Механизм появления Ларисы тщательно скрывается, причем не только от меня, но, похоже, даже от Наташки. Ей без разницы, она уже очень привязалась к девчонке. А мне обидно. Старому другу можно было бы и рассказать. Береславский в ответ на мои вопросы только ржет и говорит, что не станет делиться уголовным прошлым с высокопоставленным ментом, хоть и бывшим.
Самое же обидное - не в этом. А в том, что мне кажется, будто моя Ленка в курсе. То есть ей можно знать, а мне - нет. Хотелось бы надеяться, что между ней и Ефимом больше нет таких тайн, которые им можно знать, а мне - нельзя.
Точно так же он молчит про погоню за киллером, который в него стрелял в день моего возвращения домой.

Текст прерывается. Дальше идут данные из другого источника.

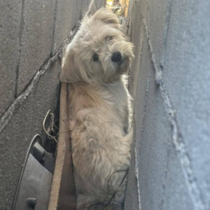 People Were Shocked To Find A Tiny Dirty Pup Hiding In The Tight Space Between Garage Walls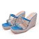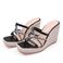 Damskor Fyrkantig tå Kilklack Tofflor Dam Sommar Strass Sandaler Höga Klackar Tjock Botten Strå Flätad Rep Botten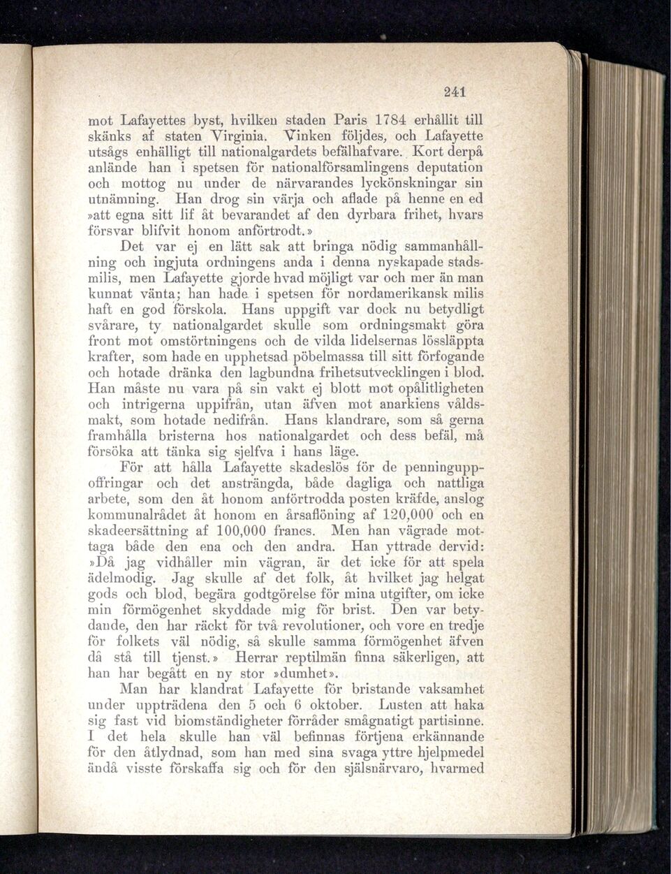 mot Lafayettes byst, hvilken staden Paris 1784 erhållit till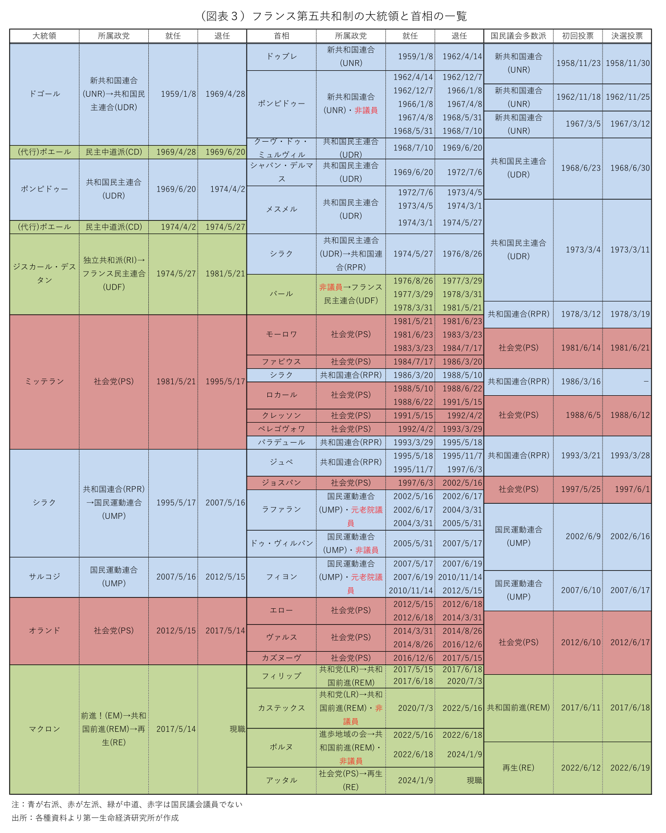 第五共和制下のフランスでは、大統領の出身政党と議会の多数派が食い違うこと(コアビタシオン)が何度か発生し、政権運営を難しくしてきた(図表3)。こうした事態を回避するため、2000年の国民投票で大統領任期を従来の7年から5年に短縮し、大統領選挙の直後に国民議会選挙を行うように改められた。その後は大統領の与党が直後の議会選挙で敗北したことはなく、コアビタシオンが発生していない。だが、欧州議会選挙での大敗直後に行われる今回の国民議会選挙では、大統領支持会派の苦戦が避けられない。このままの勢いで国民連合が国民議会の第一党となれば、マクロン大統領は極右政党から首相を選ばざるを得なくなる恐れがある。マクロン大統領としては、極右首相誕生への国民の危機感、選挙制度が与党に有利に働く可能性、選挙戦の顔交代、野党勢力の分断などに一縷の望みを託しているのだろう。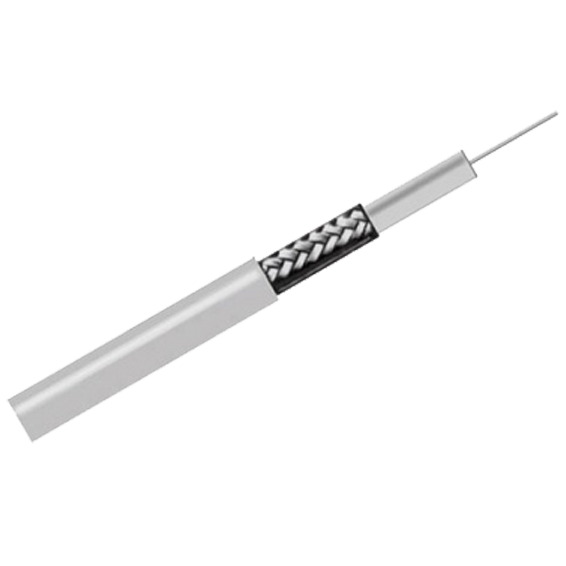 Koaksijalni kabel 5mm, 75 Ohm, pakiranje 150met, bakreni provodnik, vanjski promjer 5mm, označena metraža na kabelu, A klasa, boja bijela

Он сильно мрачнеет, когда я пытаюсь что-нибудь выяснить. Точнее, пытался.
Потом меня с двух сторон предупредили, чтоб я его не трогал. Ну, Василий Федорович - понятное дело. Он охраняет покой "Беора". Но я был удивлен, когда позвонила Наташка и попросила меня быть к Береславскому помягче и, по возможности, ни о чем его не расспрашивать. Просто тайны мадридского двора. Издержки изнеженной души романтика. Я, например, лишив жизни нескольких бандитов, ничуть об этом не жалею и сплю спокойно.
А он - такая вот штучка. Жалуется, что перестали писаться стихи. Хорошо, хоть рекламные слоганы не перестали. А то бы совсем на сухари перешли.
Вот такой у меня нестойкий психически дружок.
Хотя, на самом деле, я неблагодарная свинья. Потому что, только выйдя из тюрьмы, сумел понять, насколько сложной и изначально неподъемной была Ефимова затея по моему вызволению. Он с ней справился блестяще.
С другой стороны, если бы он вляпался в неприятность, я тоже пошел бы на все. Даже "Хейдель" плакал бы, но продал. А куда ж деваться? Ефим сильно далек от идеала, но, похоже, друзей, как и родителей, не выбирают. Или друг, или нет...
Он - друг.
ЕЩЕ ОДИН ЭПИЛОГ
...Сегодня утром эта сволочь зашла и повесила надо мной российский флаг.
- Зачем? - спросил я.
- Надо, - кратко ответил Ефим.
- Кому надо? - Я не люблю ответов, которые ничего не разъясняют.
- России.
- Ты можешь по-человечески изъясняться? - не выдержал я.
- Через полтора года - выборы президента, - снизошел наконец он. Причем тоном, каким, наверное, объяснял Лариске математику.
- Ну и что? - Я завелся всерьез.
- Мне кажется, - Ефим оценивающе посмотрел на меня, - ты подходишь. Похудеешь, прическу сменишь, научишься побольше молчать.
- Ты что, охренел совсем?!
- И еще тебе надо будет бороться с грубостью, - как ни в чем не бывало добавил Ефим. И ушел, аккуратно прикрыв за собой дверь.
Вот теперь я и думаю: шутил он или нет?
Очень скоро Береславский умрет. Как миленький! А он, Беланов, прервав полосу невезения, начнет новую жизнь.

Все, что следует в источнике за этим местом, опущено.